As far as it goes, that basically sums up Woody's philosophy here. The title encompasses the basic extent of the film's concerns. Woody's character, a cowardly Russian soldier, ruminates continuously on death, the existence of God, the nature of love, and the purpose of life. These are of course familiar themes to any fans of Allen's films, though here they're treated with a much lighter touch than usual. Woody is practically clownish here, as he often was in the earlier films, and he shows a willingness to do anything for the joke. The film blends several types of comedy into the mix, alternating slapstick silent comedy routines with quick-witted wordplay and hilarious parodies of Woody's heroes, like Bergman, Dostoevsky, and Eisenstein. This latter has the quality of an in-joke for art cinema fans, since nobody else is likely to get the joke when Woody inserts lengthy parodies of Persona and The Seventh Seal. There are periodic monologue scenes in which the characters, in tight close-up, turn and address the camera, looking tortured as they recite endlessly complicated monologues on morality and God. Towards the end, he has another character's face move into the frame and bisect the face of Diane Keaton, forming a warped composite face that makes a striking counterpoint to the one in Persona. He also inverts Eisenstein's famous montage of three lion statutes in increasing standing positions; Woody shows three lions culminating in a lazy one, lying with its head on its paws. Even the ending channels his hero Bergman, a hilarious deflation of the ending of The Seventh Seal, with Woody and the Grim Reaper dancing off into an orange sunset.

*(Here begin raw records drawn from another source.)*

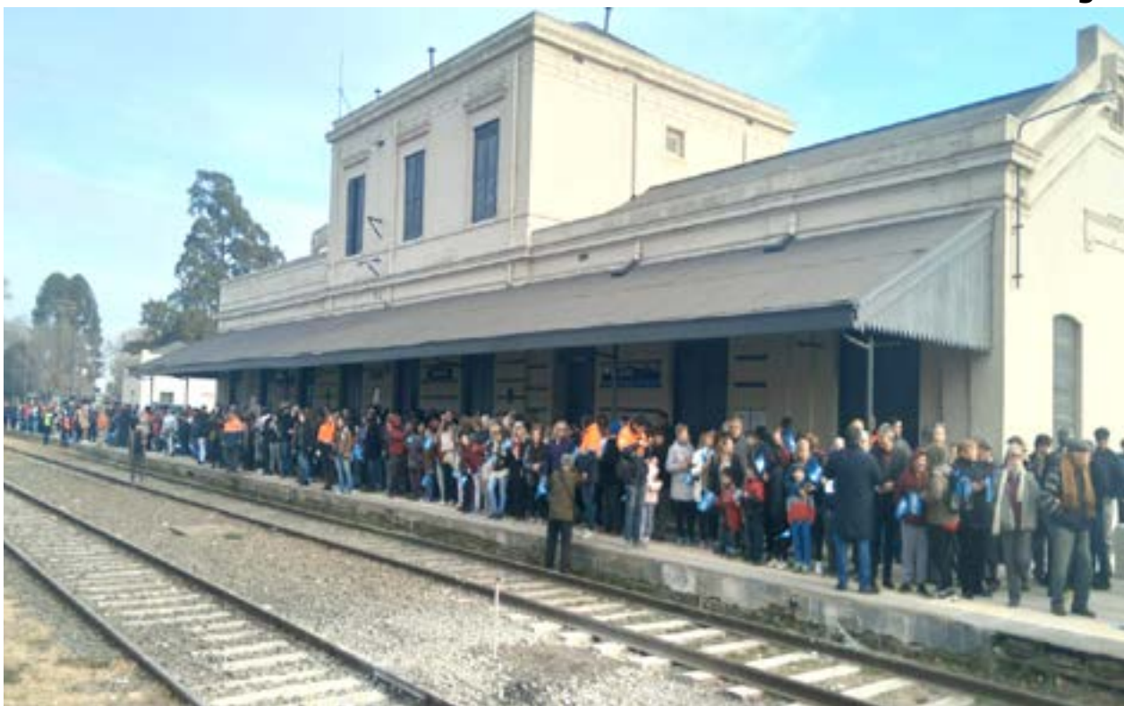
Vecinos se sumaron al acto simbólico de la llegada del tren a nuestra ciudad y ciudades vecinas.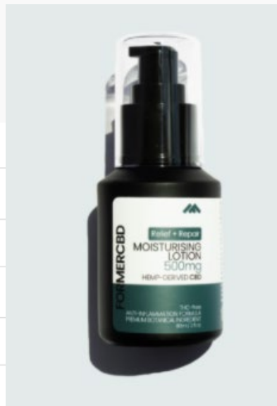
強效舒緩修護保濕乳液 500mg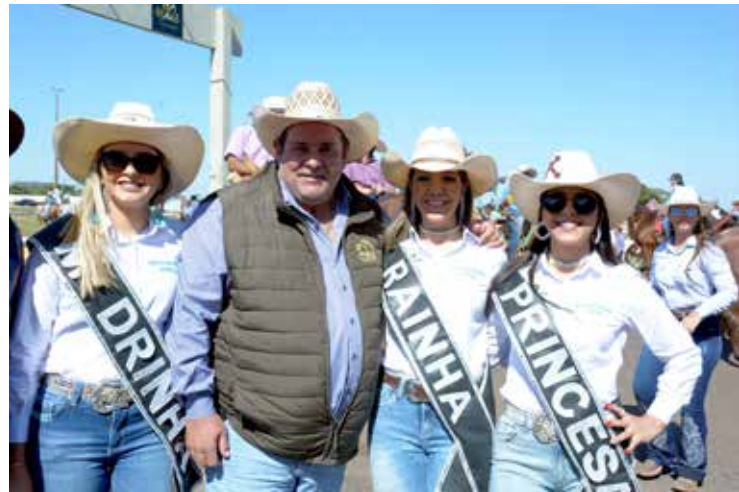
Presidente do Sindicato Rural com a rainha e princesas de 2022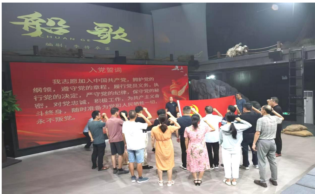
图 1-7-5 重温入党誓词

本次参观学习，让党员干部对六尺巷故事深厚的文化内涵和时代价值有了更清晰的认识，也让大家对“大事讲原则，小事讲风格”有了更深刻的体会。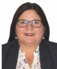
Sen. Imelda Castro Castro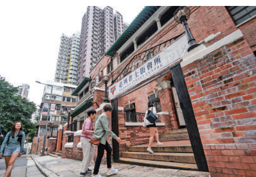
▲市民走進上環的必列者士街會所參觀。

香港中華基督教青年會現稱必列者士街會所，位於上環必列者士街，建於1918年，是香港中華基督教青年會首幢總部大樓，直至該會於1966年把總部遷往九龍窩打老道為止。大樓至今仍保留本港首個室內暖水泳池和以懸臂式結構支撐的木製鑊形跑道。自大樓啟用以來，香港中華基督教青年會一直在該處提供各式各樣的社會服務，見證香港社會服務發展。1927年訪港的魯迅先生曾在此進行過兩場演講。現時該會在大樓提供弱能人士復康服務和其他社會服務。

Obviously, these are in-jokes specifically intended for art cinema fans like Woody, and anybody not familiar with the originals is likely to just gloss over these moments. That's OK, though, because so much of these early films depend on being able to mentally skip by the moments that don't work. With such a constant flood of jokes pouring out of Woody at all times, not everything here is top-notch. The more measured pace of his later films allowed for greater consistency and deliberateness to the gags, but here he's just throwing out whatever he thinks of and hoping that some of it will work. To his credit, a lot of it does, and the relative proportion of flat humor is pretty small overall. This is one of his funniest early films as well as his smartest and most sophisticated. His films would only get better from here, as he charged right into a period of unparalleled creativity and increasing depth. But this film, positioned on the cusp of that great run, is very much worthwhile in its own right.